I struggled with the smock as usual, until Carol held one sleeve for me to slip into. “I’m getting her fixed tomorrow.”

“Get her laid instead. Works for me.”

“I’m getting you fixed next.”

“Too late. My ex-husband fixed me for good. I pay alimony until he finishes law school.” She smiled wearily. “He screwed me
in court better than he ever screwed me in bed.”

This is an old conversation, so I ignored it. I sniffed myself again. “You still smell piss? Honestly.”

“Nope.”

“You’re lying.”

“Yup.”

“You’re fired.”

“From your lips to God’s ears.” She offered me a Butter-finger nugget. “Here, a couple of these will get you through the night.”

“No thanks. I gain any weight I won’t fit into my wedding dress.” I pushed the box away. “You know what Tim calls those things?
Satan’s turds.”

Carol bit one in half and chewed slowly. “Yum. Better than Communion.”

“Uh-oh, blasphemy.” I backed away. “You mind standing a few feet away from me until you leave? I don’t want to be near you
when the lightning strikes.”

She handed me the file folders for the waiting patients. Only three. “Nothing here worth a movie of the week. A cold. A sprained
ankle, which is getting X rayed right now. And a woman who, my bet is, is going to try to con you into a prescription for
amphetamines. Good luck.”

Carol unlocked a cupboard and pulled out her purse. She dug through, found a bottle of perfume, and dabbed some on her fingertips.
She rubbed her fingertips on my smock sleeves. “To kill the smell of piss.”

I inhaled.
“Obsession?”
I went into my Dr. McCoy impression: “For God’s sake, Jim, I’m a doctor, not a hooker.”

As always, she laughed. Carol was the only one who thought I sounded anything like him. Tim complained that I sounded more
like Yogi Bear. “Relax, doctor,” she said. “You’re not likely to meet anyone on the midnight-to-eight shift worth turning
on. Besides, half an hour from now you’ll smell of this place, longing for that sweet scent of cat piss.” She pulled her black
leather jacket with all the zippers out of the closet and draped it over her arm. The leather monstrosity belonged to her
ex-husband, which he’d been begging her to return since they split up. She
refused to give it to him, wearing it herself even though she hated it, just so he couldn’t sneak into her house and take
it.
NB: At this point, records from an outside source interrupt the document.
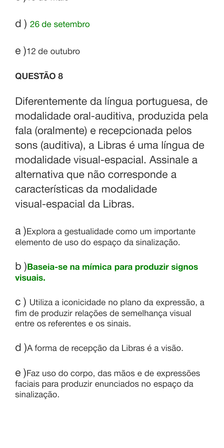 Diferentemente da língua portuguesa, de modalidade oral-auditiva, produzida pela fala (oralmente) e recepcionada pelos sons (auditiva), a Libras é uma língua de modalidade visual-espacial. Assinale a
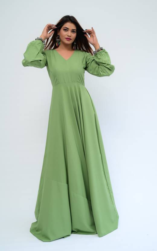 Women Maxi Light Green Full Length Dress
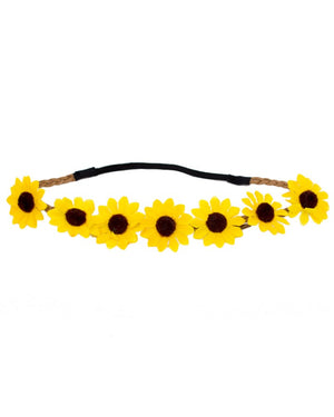 Wear this Yellow Daisy Chain Headband with a long wig and '60s style accessories. It's a rope style headband with elastic at the back and features 6 small fabric daisies.
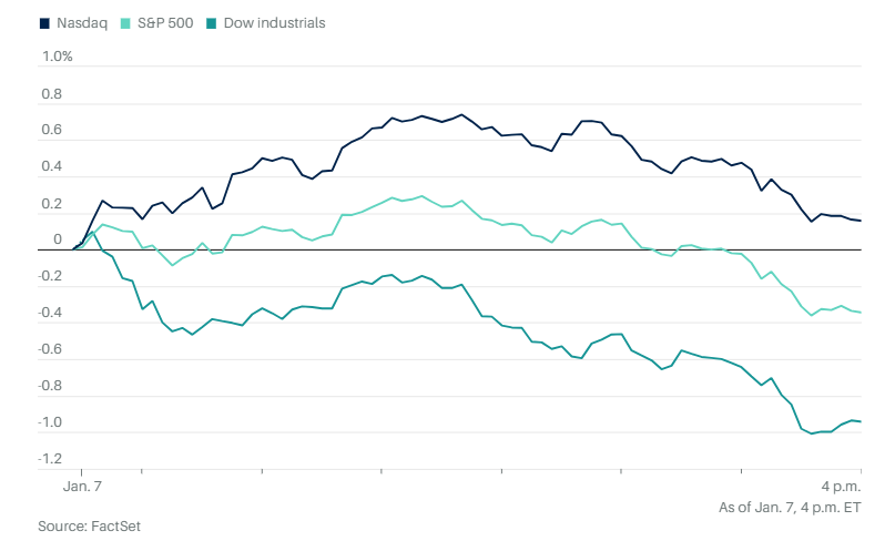 标普500指数和道琼斯指数在周三无力上涨,2026年来首次收跌。道琼斯指数下跌473点,跌幅1%,标普500指数下跌0.3%,都终结了连续三天的上涨走势。纳斯达克指数表现稍好,收涨0.2%。反映中小企业股票表现的罗素2000指数下跌0.3%。
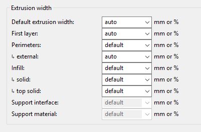 Curaengine nema extrusion width (predpoklada stejnou velikost jako je tryska), nova Curav3.x uz ano. Ale to by nemelo delat velkej problem. Stejne musi dat slicer trysku od obvodu o polovinu extrusion width.
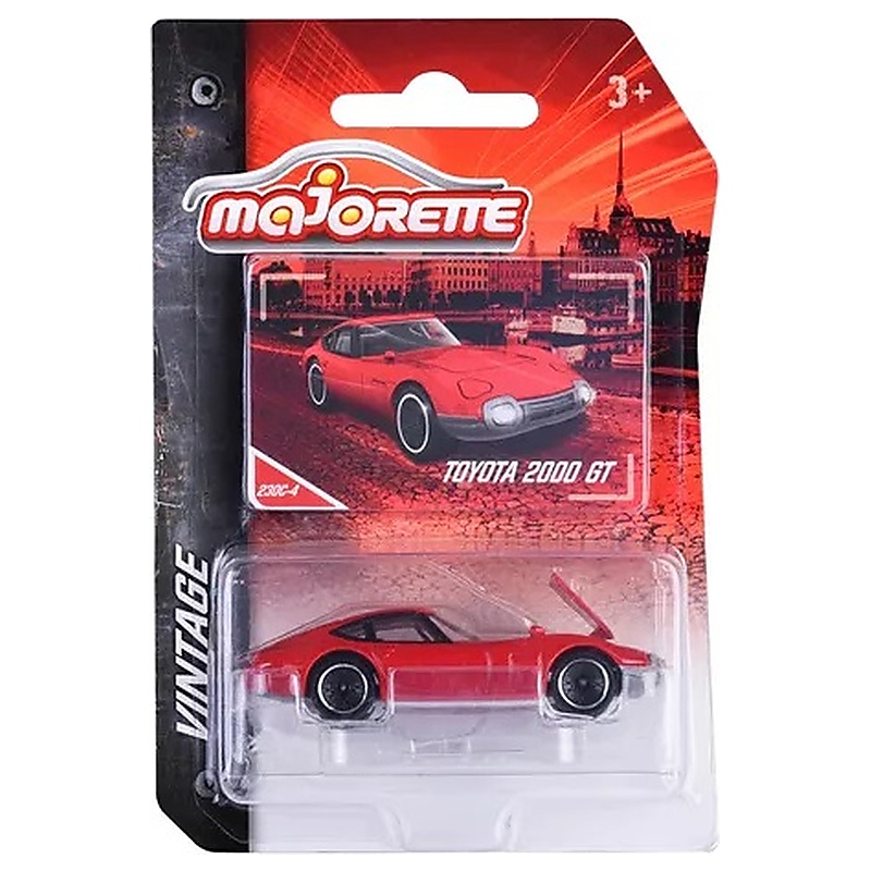 A Toyota 2000 GT kisautó a Majorette Vintage sorozat egyik legelegánsabb és legikonikusabb darabja, amely a klasszikus japán sportautók világát idézi meg. A piros fényezés különösen jól áll ennek a hosszú orrú, alacsony építésű kupénak, ezért gyűjtőknek és autórajongóknak is remek választás lehet.
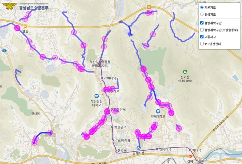 ¼Ò¹æº»ºÎ ºÐ¼® °á°ú, °æ³² Àü¿ªÀÇ °áºùÃë¾à±¸°£Àº ÃÑ 379°³ ±¸°£(633.41§°)¿¡ À̸¥´Ù.
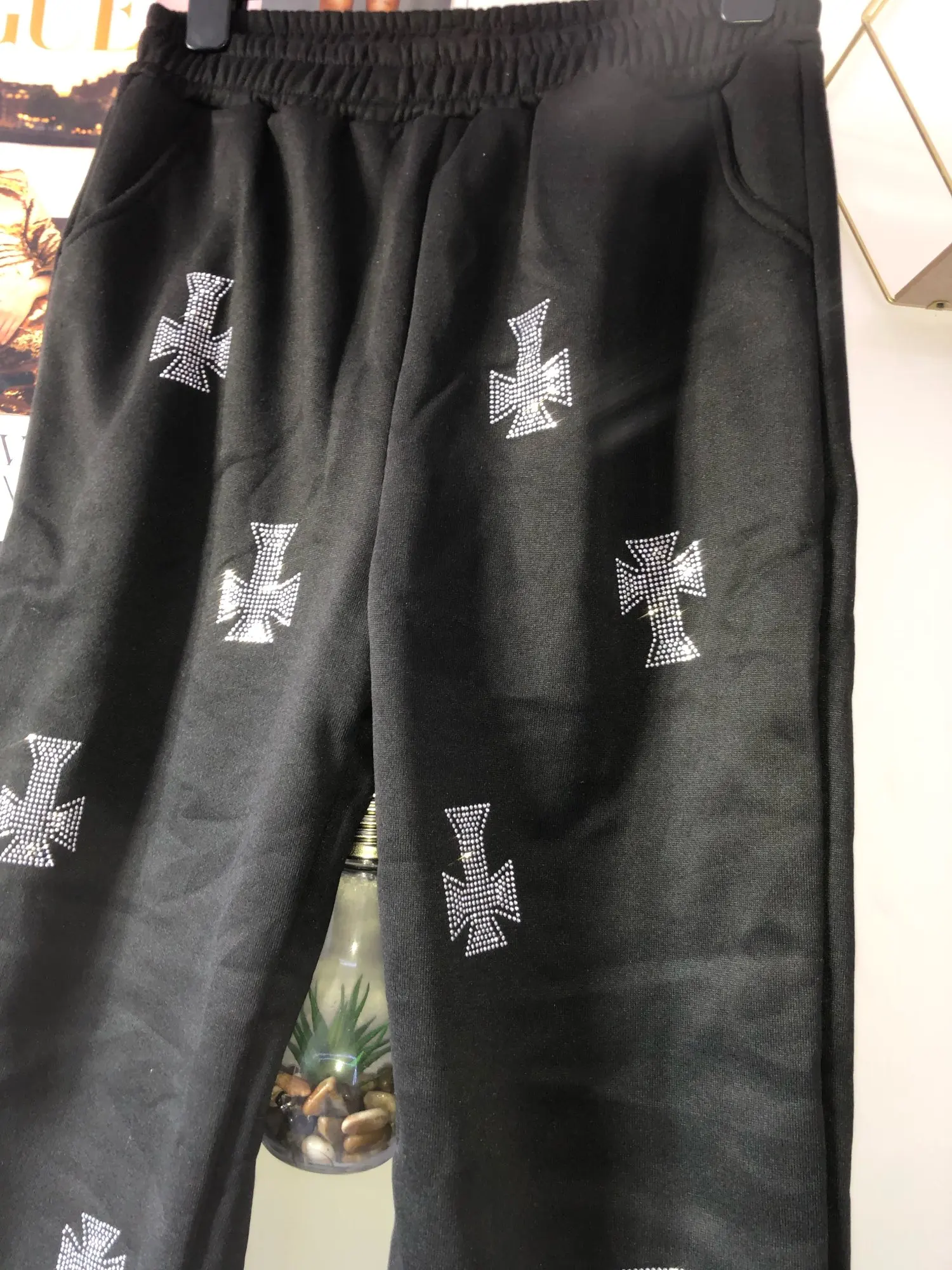 Американские ретро брючные костюмы в стиле хип-хоп, зимний спортивный костюм стразы, куртка с перекрестными полосками, черный и белый кардиган, брючный костюм, женский брючный комплект Y2k
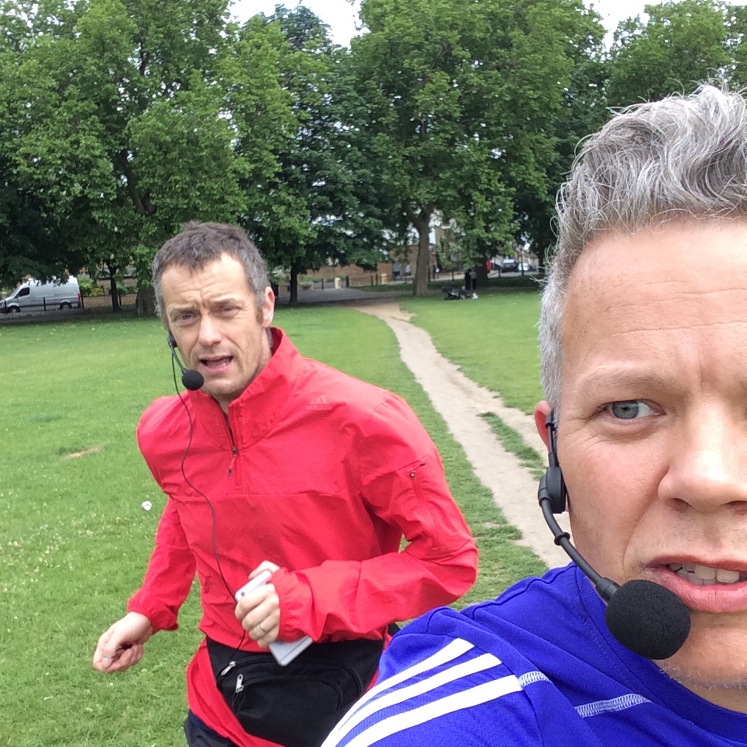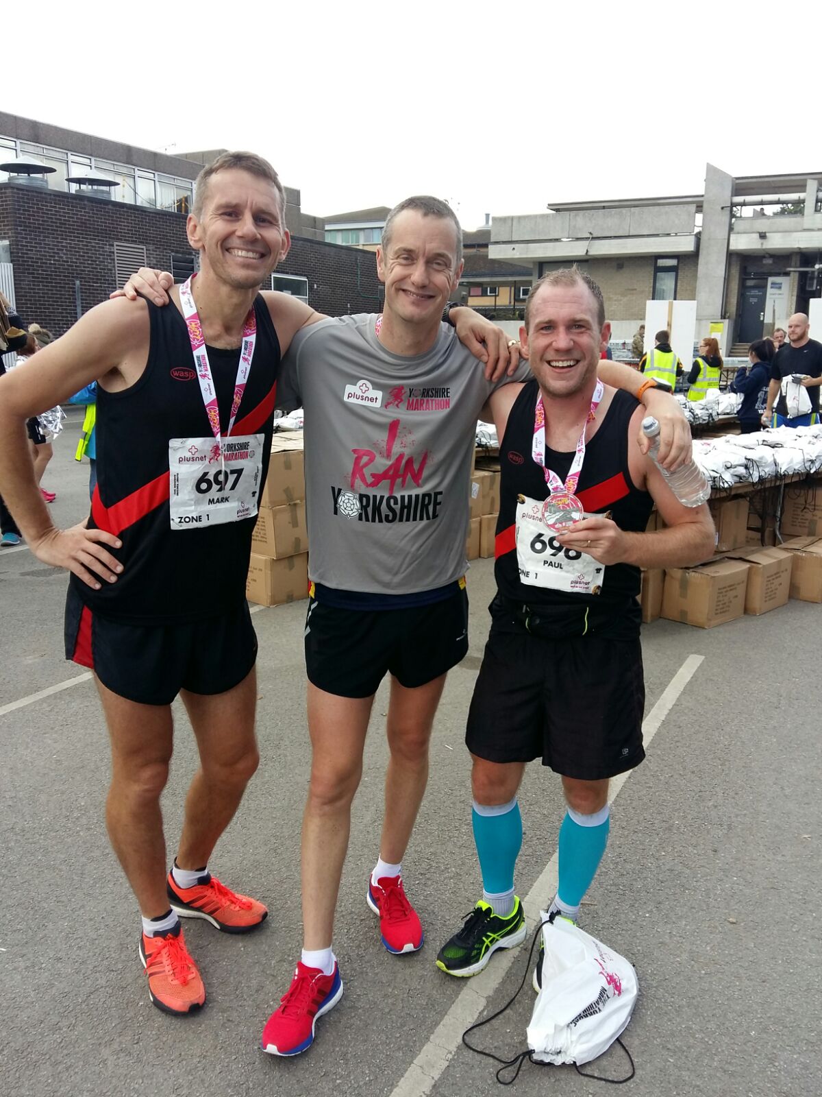 Left: Paul Tonkinson & Rob Deering recording Running Commentary. Right: myself, Paul Tonkinson and fellow Harrier Paul Platt; York 2017.

Carol walked beside me, the zippers rattling with each step. “How’s Tim? Hanging in there?”

I nodded. “He’s fine. That whole mess is probably for the best. Forced him to slow down a bit. For the past week he’s been
trying to learn about auto mechanics from a bunch of books he bought. He took the engine of his Miata apart and can’t get
it back together. He’s working out with weights every day, which he hasn’t done since college. He’s talking about us camping
again, doing all the stuff he hasn’t done BMS.”

“BMS?”

“Before med school. Anyway, I’m glad they’re making him take his vacation days. This week he’s going to slop around the house
and catch up on all the kung-fu videos he’s missed, and next week we head for Carmel for a weekend of…” I took a deep breath
and tried to think of the right word. I gave up and shrugged.